Create materialized view replicas

This document describes how to create materialized view replicas in BigQuery. You can use materialized view replicas to make Amazon Simple Storage Service (Amazon S3) data available locally for joins.

Before you begin

  1. Sign in to your Google Cloud account. If you're new to Google Cloud, create an account to evaluate how our products perform in real-world scenarios. New customers also get $300 in free credits to run, test, and deploy workloads.
  2. In the Google Cloud console, on the project selector page, select or create a Google Cloud project.

    Go to project selector

  3. Make sure that billing is enabled for your Google Cloud project.

  4. In the Google Cloud console, on the project selector page, select or create a Google Cloud project.

    Go to project selector

  5. Make sure that billing is enabled for your Google Cloud project.

Required permissions

Grant Identity and Access Management (IAM) roles that give users the necessary permissions to perform each task in this document.

To create materialized view replicas, you need the following IAM permissions:

  • bigquery.tables.create
  • bigquery.tables.get
  • bigquery.tables.getData
  • bigquery.tables.replicateData
  • bigquery.jobs.create

Each of the following predefined IAM roles includes the permissions that you need in order to create a materialized view:

  • bigquery.dataEditor
  • bigquery.dataOwner
  • bigquery.admin

For more information about BigQuery Identity and Access Management (IAM), see Introduction to IAM in BigQuery.

Prerequisites

Before creating a materialized view replica, you must complete the following tasks:

  1. Create a dataset in a region that supports Amazon S3.
  2. Create an Amazon S3 BigLake table in the dataset you created in Step 1. Enable metadata caching when creating the table.
  3. Create a materialized view over the Amazon S3 BigLake table in the dataset you created in Step 1. You could also create the materialized view in a different dataset that is in a region that supports Amazon S3.
  4. Authorize the materialized view on the datasets that contain the source Amazon S3 BigLake tables used in the query that created the materialized view.
  5. If you configured manual metadata cache refreshing for the Amazon S3 BigLake table, run the BQ.REFRESH_EXTERNAL_METADATA_CACHE system procedure to refresh the metadata cache.
  6. Run the BQ.REFRESH_MATERIALIZED_VIEW system procedure to refresh the materialized view.

Create materialized view replicas

To create materialized view replicas, use the CREATE MATERIALIZED VIEW AS REPLICA OF statement:

CREATE MATERIALIZED VIEW PROJECT_ID.BQ_DATASET.REPLICA_NAME
OPTIONS(replication_interval_seconds=REPLICATION_INTERVAL)
AS REPLICA OF PROJECT_ID.S3_DATASET.MATERIALIZED_VIEW_NAME;

Replace the following:

  • PROJECT_ID: the name of your project in which you want to create the materialized view replica—for example, myproject.
  • BQ_DATASET: the name of the BigQuery dataset that you want to create the materialized view replica in—for example, bq_dataset.
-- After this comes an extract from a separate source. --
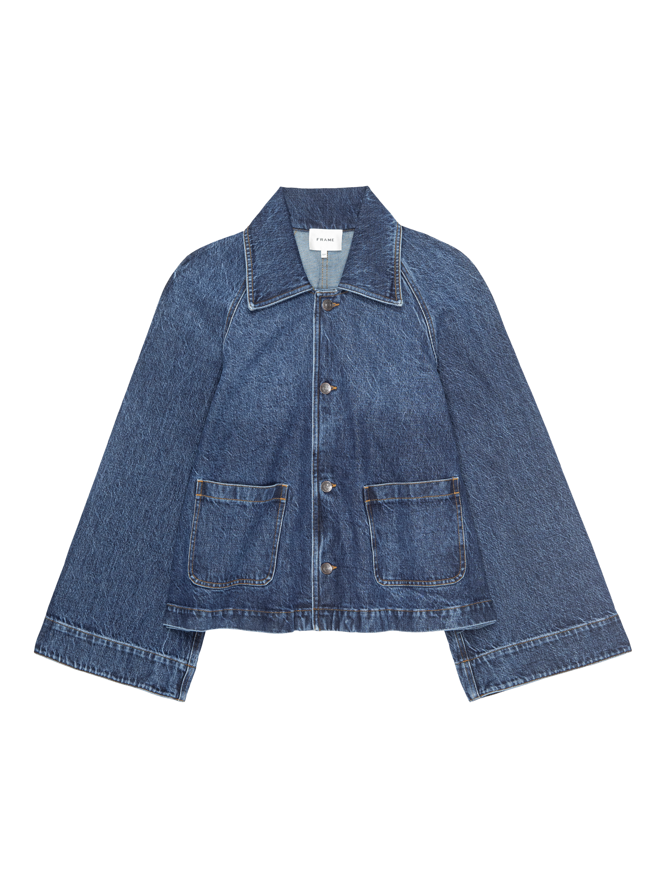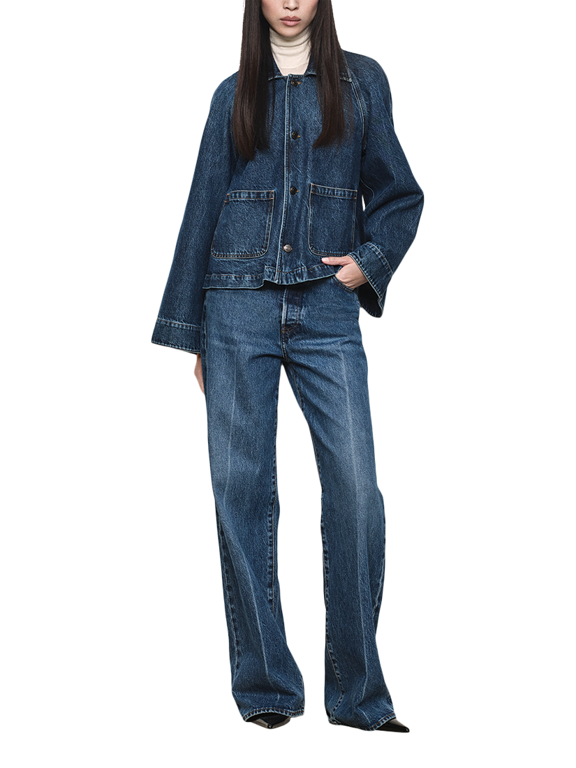 A modern silhouette with a nod to vintage ease. The Swing Jacket is cut in soft denim with a crisp collar, oversized sleeves, and a gently flared shape that moves with you. Finished with patch pockets and a rich wash — designed to layer effortlessly, just like your favourite jeans.

The dataset must be in the BigQuery region that maps to the region of the source materialized view.
  • REPLICA_NAME: the name of the materialized view replica that you want to create—for example, my_mv_replica.
  • REPLICATION_INTERVAL: specifies how often to replicate the data from the source materialized view to the replica, in seconds. Must be a value between 60 and 3,600, inclusive. Defaults to 300 (5 minutes).
  • S3_DATASET: the name of the dataset that contains the source materialized view—for example, s3_dataset.
  • MATERIALIZED_VIEW_NAME: the name of the materialized view to replicate—for example, my_mv.

The following example creates a materialized view replica named mv_replica in bq_dataset:

CREATE MATERIALIZED VIEW `myproject.bq_dataset.mv_replica`
OPTIONS(
  replication_interval_seconds=600
)
AS REPLICA OF `myproject.s3_dataset.my_s3_mv`

After you create the materialized view replica, the replication process polls the source materialized view for changes and replicates data to the materialized view replica, refreshing the data at the interval you specified in the replication_interval_seconds option. If you query the replica before the first backfill completes, you get a backfill in progress error. You can query the data in the materialized view replica after the first replication completes.